Como o título diz, temos dois verbos que significam 'haver', que são dsoho 'existir, haver' e wa/wan 'haver', qual seria exatamente a função distinta dos dois ? Explicarei aqui suas etimologias e suas funções dentro das frases de nossa língua antiga, o Dzubukuá Clássico.
A palavra dsoho deriva de uma forma muito antiga que era ka-ka, uma reduplicação de uma raiz afirmativa muito conhecida dentro das línguas Arawak, sendo um prefixo em muitas delas para marca o atributivo, afirmativo e outras funções diversas. Na nossa língua, essa palavra evoluiu a partir das múltiplas lenições e palatalizações comuns da família Kariri, aqui está a sua evolução em ordem cronológica:
kaka > kaga > kyaga > txaga > tsaga > tsaɣa (ɣ = g holandês, parece um h de hey do inglês) > tsoɣo = dsoho
Esse morfema é cognato direto do sufixo -ka afirmativo do Puri-Coroado, que surge em construções compostas como -kahon e -kahü, que são formas de afirmação predicativa, ou seja, o mesmo que o nosso verbo "ser", como em tekua-kahon 'fazer as pazes' = tekua 'paz' + kahon 'ser'. Na nossa língua, dsoho tem função de marcar aquilo que existe, como no caso de seu uso no predicado possessivo, pois no Dzubukuá clássico, comparável ao que ocorre nas línguas celtas, o verbo haver não é usado para dizer que "eu tenho algo", no lugar disso, diz-se que "existe algo para mim", por exemplo:
Não diria: wan ibah idse 'eu tenho um carro', lit.: haver carro eu
Diria-se: dsoho ibah hi-ammy 'eu tenho um carro', lit.: existir carro eu-para
Sobre wan, a palavra é cognata do Puri-Coroado pa 'haver', que passou por nossas mudanças sonoras de p > w, a palavra é usada, em várias ocasiões, normalmente surge como verbo de resposta, principalmente quando responde o verbo dsoho, que serve para o predicado, vejam na imagem que coloquei o exemplo:
P: idsoho kedde dudsoholi ñimho dehem idsoho bamram ?

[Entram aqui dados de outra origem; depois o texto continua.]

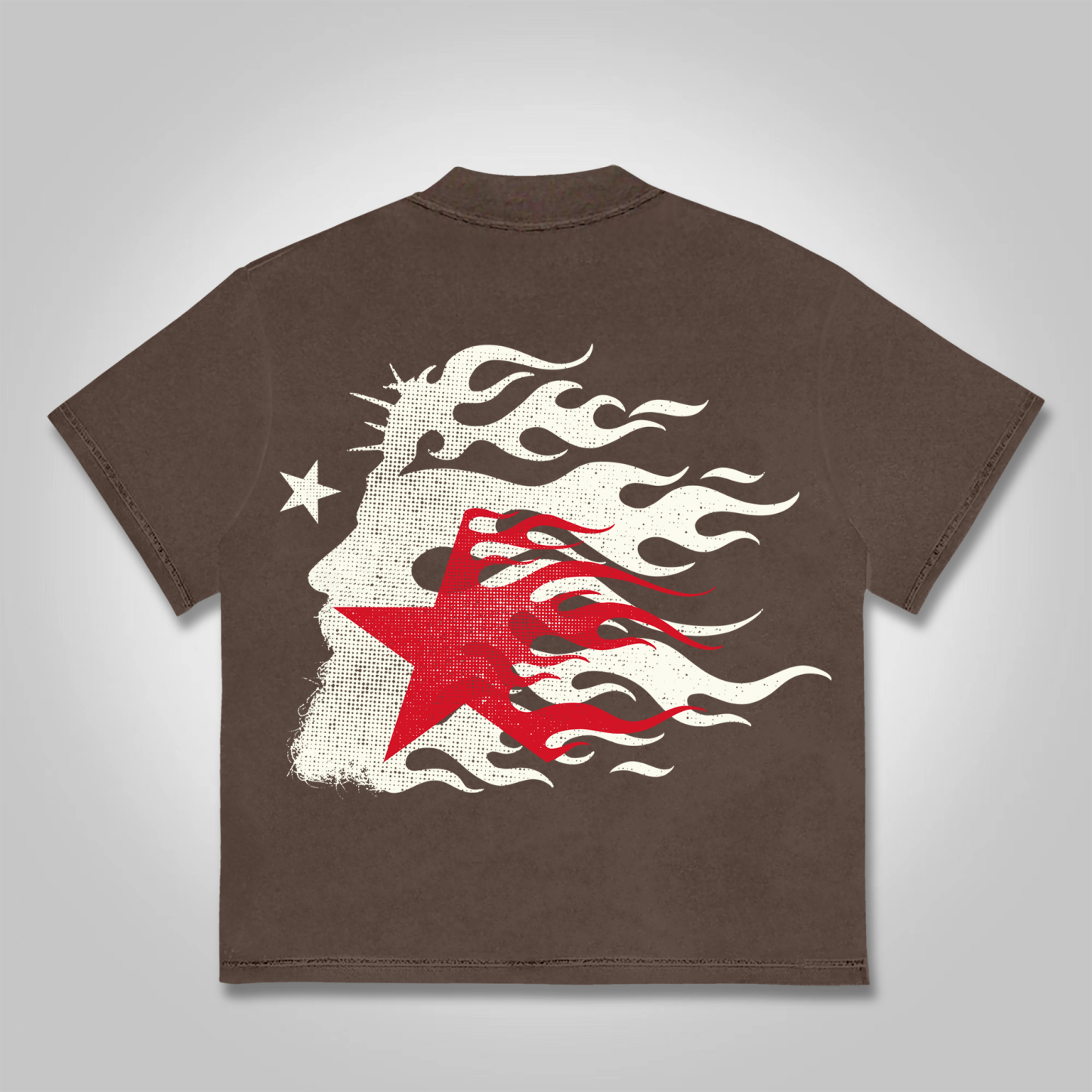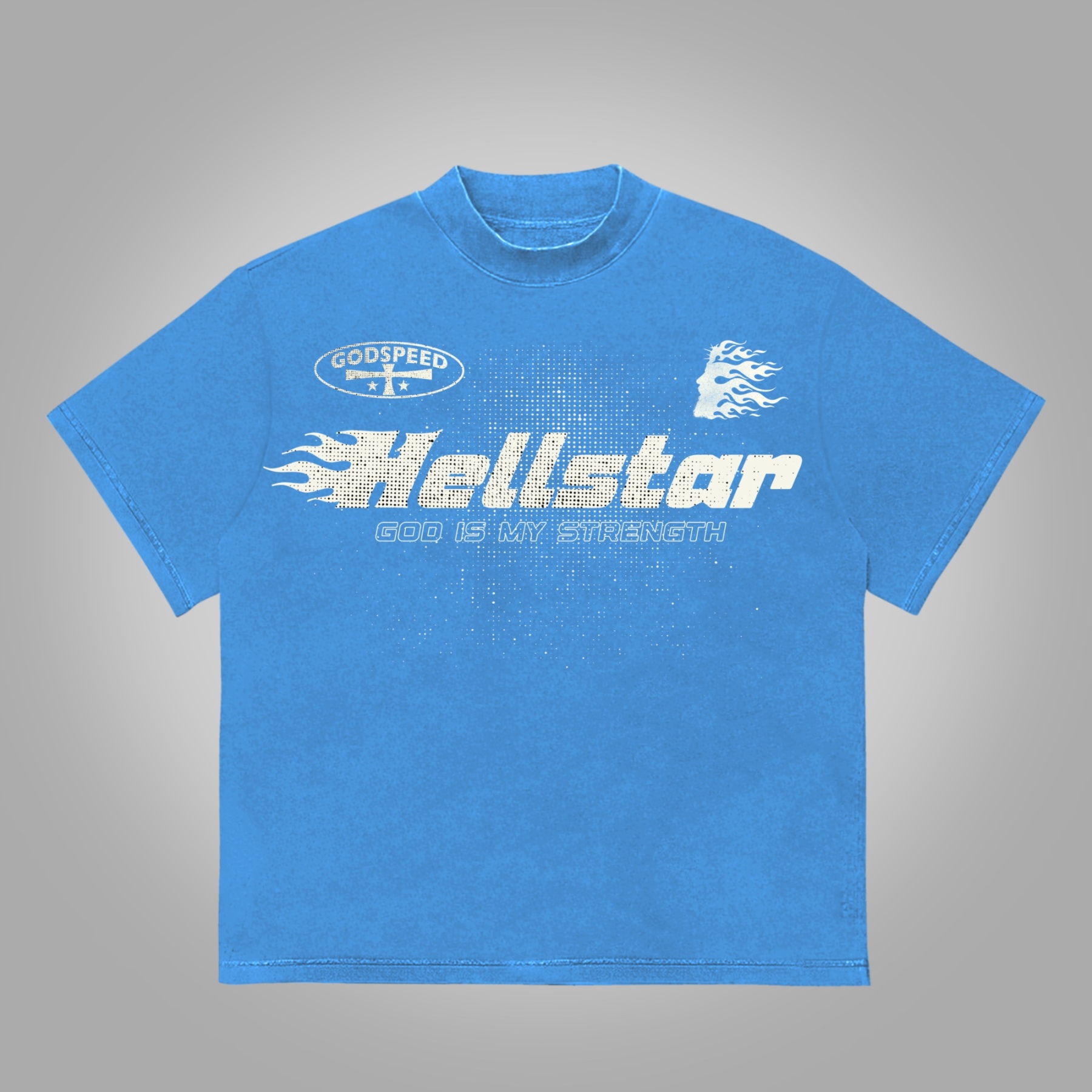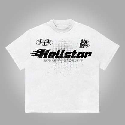 Hellstar Flame Jesus Silhouette Network Vintage Graphics Cotton T-Shirt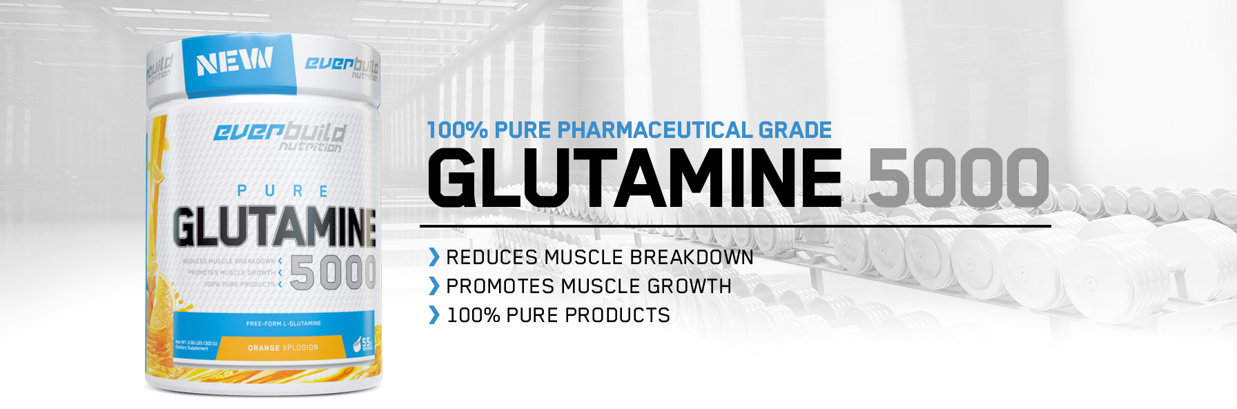 Everbuild Glutamine 5000 provides the L-glutamine amino acid in its purest form. It is the most common amino acid in the blood plasma which can be observed in over 60% of the organism’s amino acid pool.

"P: houve por ventura alguém, que fizesse também a Deos para começar a ser ?"
R: wanddi, idsoho ñimho dinaho
R: "não houve, Deos existe por si mesmo"
Portanto esse verbo surge para responder, no Puri-Coroado, o seu cognato pa surge tanto como esse verbo quanto um sufixo de adjetivização, com o sentido de 'haver característica de', cujo talvez tenha surgido variadamente no Sapuyá, com a mesma função vista no Puri-Coroado:
gra-tze-ba-heh 'magro'
lit.: seco-natureza-haver-sim
lele-bo-hih 'fedorento'
lit.: sujeira-haver-sim
obs.: comparem o lele 'sujeira' com o Boróro ruru 'sujeira'
É difícil dizer se o Sapuyá está preservando aspectos que tinhamos em comum com os Puri-Coroado ou se, por sua posição geográfica na Bahia, estarem próximos de territórios históricos de populações relativas dos Puri-Coroado. Seja o que for, creio que nova estrutura merece uma publicação própria, que é exatamente a publicação que vai vir depois desta.